═══ Exercise input ═══

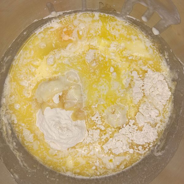 Transfer the starter mixture into a large bowl, then add all the ingredients for the bread dough into the bowl. Knead vigorously for about 15-20 minutes until the dough becomes elastic and doesn't stick to the bowl.
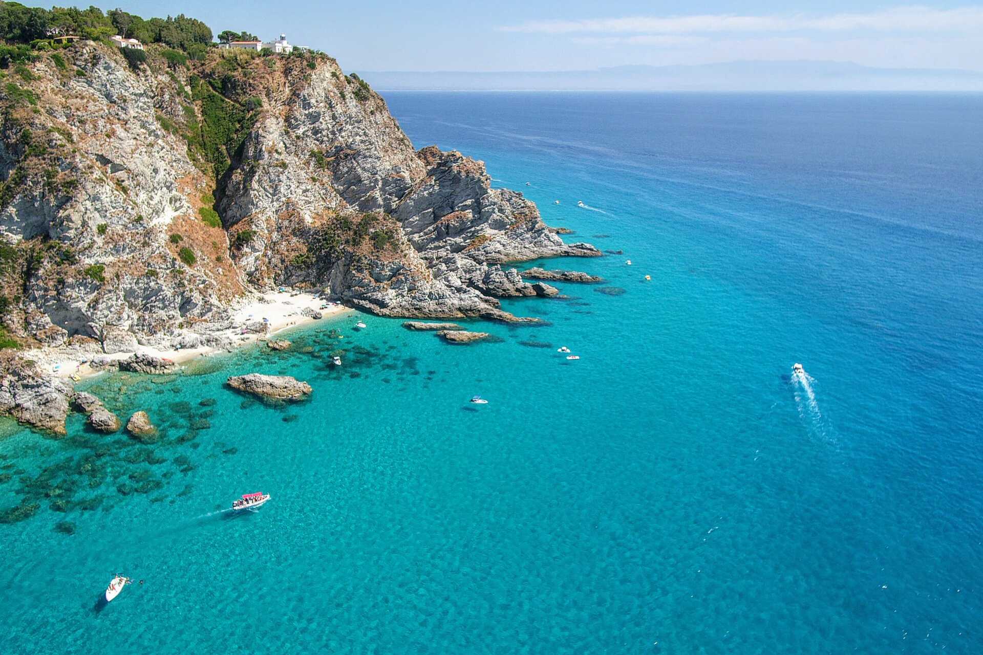 Capo Vaticano byder på flere af Calabriens mest populære strande, hver med sin egen karakter. Den mest berømte er Grotticelle, en bred og lavvandet strand, der er perfekt, når du vil tilbringe hele dagen ved havet. Lidt længere væk ligger den mere rolige Spiaggia di Tono, hvor tempoet er langsommere, og det er nemt at finde et fredeligt sted i sandet. For dig, der foretrækker små, mere afsidesliggende bugter, er der Praia i Focu, en lille strand med fantastisk klart vand. Området omfatter også Santa Maria-stranden, som er populær for sine lavvandede områder og klare, turkisblå vand.
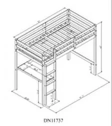 Livspace Metal Loft Bed Frame with Desk, No Box Spring Needed,Twin ,Black
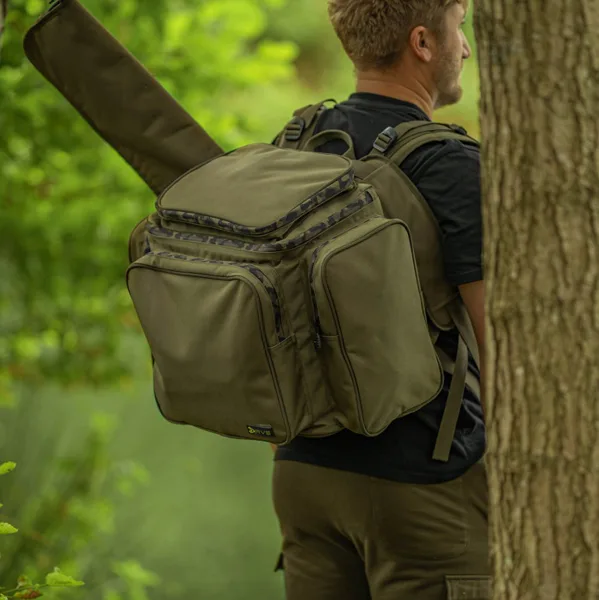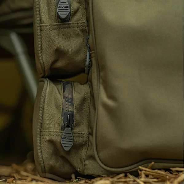 Batoh je vybaven pěti vnějšími kapsami, které poskytují široké možnosti uspořádání. Tři boční kapsy jsou ideální pro drobnější příslušenství, přední kapsa pojme často používané vybavení a horní kapsa skrývá praktickou síťovanou přihrádku na zip pro bezpečné uložení menších předmětů. Díky pevnému madlu lze batoh snadno přenášet na krátké vzdálenosti, což oceníte například při častých přesunech mezi lovnými místy.
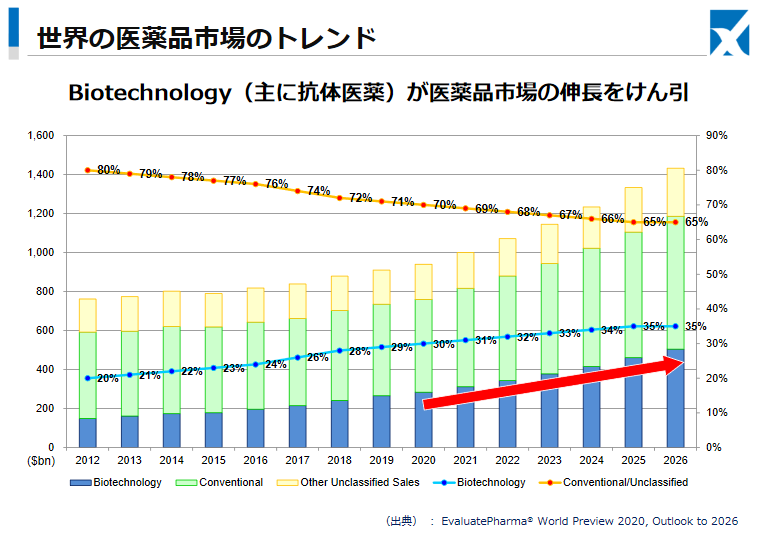 同社資料における記述(出典:Evaluate Pharma®の「Evaluate World Preview 2020,Outlook to 2026」)によれば、医薬品の総売上高に占めるバイオ医薬品の構成比は2020年の30%から2026年には35%まで上昇すると予測されている。

═══

• _What the task requires_:
Reproduce every record verbatim, please. Omit the images.

• _Completed task_:
 Transfer the starter mixture into a large bowl, then add all the ingredients for the bread dough into the bowl. Knead vigorously for about 15-20 minutes until the dough becomes elastic and doesn't stick to the bowl.
 Capo Vaticano byder på flere af Calabriens mest populære strande, hver med sin egen karakter. Den mest berømte er Grotticelle, en bred og lavvandet strand, der er perfekt, når du vil tilbringe hele dagen ved havet. Lidt længere væk ligger den mere rolige Spiaggia di Tono, hvor tempoet er langsommere, og det er nemt at finde et fredeligt sted i sandet. For dig, der foretrækker små, mere afsidesliggende bugter, er der Praia i Focu, en lille strand med fantastisk klart vand. Området omfatter også Santa Maria-stranden, som er populær for sine lavvandede områder og klare, turkisblå vand.
 Livspace Metal Loft Bed Frame with Desk, No Box Spring Needed,Twin ,Black
 Batoh je vybaven pěti vnějšími kapsami, které poskytují široké možnosti uspořádání. Tři boční kapsy jsou ideální pro drobnější příslušenství, přední kapsa pojme často používané vybavení a horní kapsa skrývá praktickou síťovanou přihrádku na zip pro bezpečné uložení menších předmětů. Díky pevnému madlu lze batoh snadno přenášet na krátké vzdálenosti, což oceníte například při častých přesunech mezi lovnými místy.
 同社資料における記述(出典:Evaluate Pharma®の「Evaluate World Preview 2020,Outlook to 2026」)によれば、医薬品の総売上高に占めるバイオ医薬品の構成比は2020年の30%から2026年には35%まで上昇すると予測されている。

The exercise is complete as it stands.